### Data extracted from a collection
Start of Block

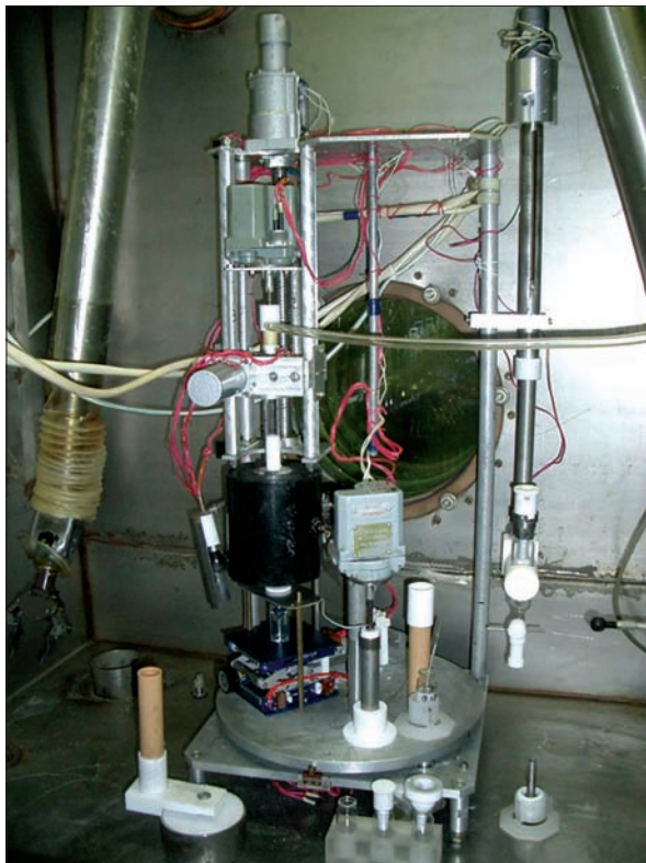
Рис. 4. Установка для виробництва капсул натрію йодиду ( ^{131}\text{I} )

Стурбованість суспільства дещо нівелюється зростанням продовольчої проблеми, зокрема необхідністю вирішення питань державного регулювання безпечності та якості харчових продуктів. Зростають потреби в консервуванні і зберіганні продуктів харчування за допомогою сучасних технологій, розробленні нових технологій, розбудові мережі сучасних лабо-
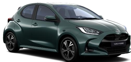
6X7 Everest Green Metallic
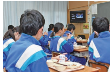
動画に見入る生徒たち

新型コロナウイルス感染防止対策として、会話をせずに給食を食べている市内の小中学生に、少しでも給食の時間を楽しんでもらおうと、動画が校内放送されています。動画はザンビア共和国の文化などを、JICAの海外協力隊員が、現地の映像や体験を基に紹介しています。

End of Block

The required output is the lines from the one containing "6X7 Everest Green Metallic" through the end of the records above, reproduced exactly, with no pictures.

6X7 Everest Green Metallic
動画に見入る生徒たち

新型コロナウイルス感染防止対策として、会話をせずに給食を食べている市内の小中学生に、少しでも給食の時間を楽しんでもらおうと、動画が校内放送されています。動画はザンビア共和国の文化などを、JICAの海外協力隊員が、現地の映像や体験を基に紹介しています。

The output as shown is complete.